Очерки лондонских нравов

Диккенс Чарльз

#_.photo2.jpg Чарльз Джон Гаффам Диккенс

(англ. Charles John Huffam Dickens; 1812–1870) — выдающийся английский писатель XIX века.

Самый популярный англоязычный писатель при жизни, он и в наше время имеет репутацию классика мировой литературы, одного из крупнейших прозаиков XIX века. Творчество Диккенса относят к вершинам реализма, но в его романах отразились и сентиментальное, и сказочное начало. Самые знаменитые романы Диккенса (печатались отдельными выпусками с продолжением): «Посмертные записки Пиквикского клуба», «Оливер Твист», «Дэвид Копперфильд», «Большие надежды», «Повесть о двух городах».

1. РАЗМЫШЛЕНІЯ О ЛОНДОНСКОМЪ НАРОДОНАСЕЛЕНІИ

Должно замѣтить, что въ Лондонѣ есть люди, который живутъ — никѣмъ не замѣченные, и умираютъ — не оставивъ по себѣ никакого воспоминанія: ни хорошаго, ни дурного; ни даже посредственнаго. Въ сердцѣ ближняго не пробуждается никакого сочувствія къ этимъ людямъ; существованіе ихъ никому не интересно и кромѣ ихъ никто не принимаетъ въ немъ участія; нельзя сказать даже, что вмѣстѣ съ смертію они предаются забвенію, потому что рѣшительно никто не знаетъ, жили они когда нибудь на бѣломъ свѣтѣ или нѣтъ. Въ этой огромной столицѣ существуетъ многочисленный классъ людей, которые, по видимому, не имѣютъ ни единаго друга изъ цѣлаго народонаселенія и о существованіи которыхъ едва ли кто заботится. Подъ вліяніемъ крайнихъ недостатковъ и необходимыхъ средствъ къ существованію, они покидаютъ все близкое сердцу, стремятся въ Лондонъ и поселяются въ немъ въ надеждѣ пріискать себѣ какое нибудь занятіе. Кому въ насъ неизвѣстно, какъ тяжело разорвать узы, которыя привязываютъ насъ къ родному крову и милымъ друзьямъ? но не тяжелѣе ли изгладить изъ памяти тѣ безчисленныя воспоминанія о минувшихъ дняхъ радости и счастія, которыя въ теченіе многихъ лѣтъ затѣмъ только и лежатъ убаюканными въ нашихъ сердцахъ, чтобъ снова пробудиться въ нихъ и съ грустною дѣйствительностію представить близкія отношенія, соединявшія насъ съ друзьями, которыхъ мы покинули, — сцены, которыя мы видѣли, весьма вѣроятно, въ послѣдній разъ, и надежды, которыя мы нѣкогда лелѣяли въ душѣ своей и съ которыми должны разстаться навсегда? Подобныя размышленія не тревожатъ уже болѣе людей и о которыхъ мы говоримъ; да оно и къ лучшему для нихъ. Имъ не съ кѣмъ подѣлиться своими чувствами: старинные домашніе друзья ихъ примерли, уѣхали въ чужія земли; радушные корреспонденты исчезли въ толпѣ и шумѣ какого нибудь дѣятельнаго города, и они сами постепенно обращаются въ какія-то пассивныя созданія — въ орудія привычки и лишеній.
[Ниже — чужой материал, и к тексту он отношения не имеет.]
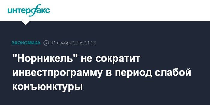 Москва. 11 ноября. INTERFAX.RU - ГМК "Норильский никель" не будет сокращать инвестиционную программу, несмотря на слабую рыночную конъюнктуру, сообщил глава компании Владимир Потанин на встрече с президентом РФ Владимиром Путиным.
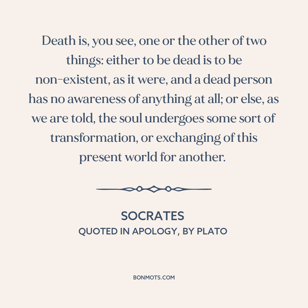 Death is, you see, one or the other of two things: either to be dead is to be non-existent, as it were, and a dead person has no awareness of anything at all; or else, as we are told, the soul undergoes some sort of transformation, or exchanging of this present world for another.
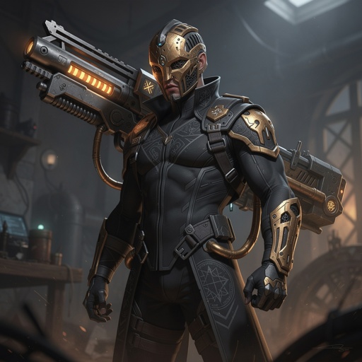 A warlock artificer wearing an innate black suit and an intricate bronze mask that covers his entire face except for his...
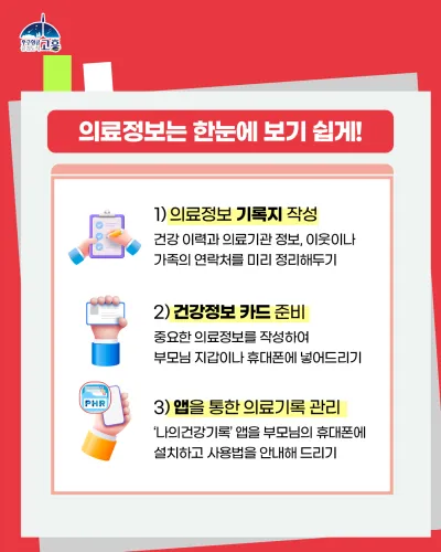 평소에 부모님의 건강 이력과 의료기관 정보, 그리고 이웃이나 가족의 연락처를 미리 정리해 두는 것이 중요합니다.

На дняхъ мы сидѣли въ Сентъ-Джэмскомъ паркѣ; вниманіе наше привлечено было человѣкомъ, котораго мы не задумываемся причислили къ клабу людей, о которыхъ сейчасъ говорили. Это былъ высокій, худощавый, блѣдный мужчина, въ черномъ фракѣ, въ полинялыхъ сѣрыхъ брюкахъ, въ штиблетахъ и коричневыхъ перчаткахъ. Въ его рукѣ былъ зонтикъ, — не потому, чтобы предвидѣлась, въ немъ необходимость: день былъ прекрасный, — но потому кажется, что, отправляясь каждое утро въ контору, гдѣ служилъ, онъ привыкъ постоянно носить его съ собой. Онъ ходилъ взадъ и впередъ по окраинѣ небольшого лужка, гдѣ разставлены были стулья для желающихъ присѣсть за извѣстную плату, и ходилъ, какъ намъ, казалось, не для удовольствія или освѣженія, но какъ будто изъ принужденія, точь въ точь какъ ходитъ онъ въ контору изъ самыхъ отдаленныхъ жилищъ Эйлингтона. Былъ понедѣльникъ, слѣдовательно человѣкъ этотъ на цѣлые двадцать четыре часа оторвался отъ своей конторки и явился сюда для пріятной прогулки. Мы невольно подумали, что онъ никогда прежде не имѣлъ свободнаго дня и что теперь онъ не зналъ даже, что ему сдѣлать съ собой. На зеленой травкѣ весело рѣзвились дѣти; по песчанымъ дорожкамъ проходили группы гуляющихъ; всѣ весело разговаривали, шутили, смѣялись, но этотъ человѣкъ весьма серьёзно расхаживалъ по одному и тому же пространству, не обращая ни на что вниманія и не привлекая на себя вниманія гуляющихъ. На блѣдномъ, тощемъ лицѣ его не выражалось ни малѣйшаго признака, чтобы его интересовало что-нибудь или возбуждало въ немъ любопытство.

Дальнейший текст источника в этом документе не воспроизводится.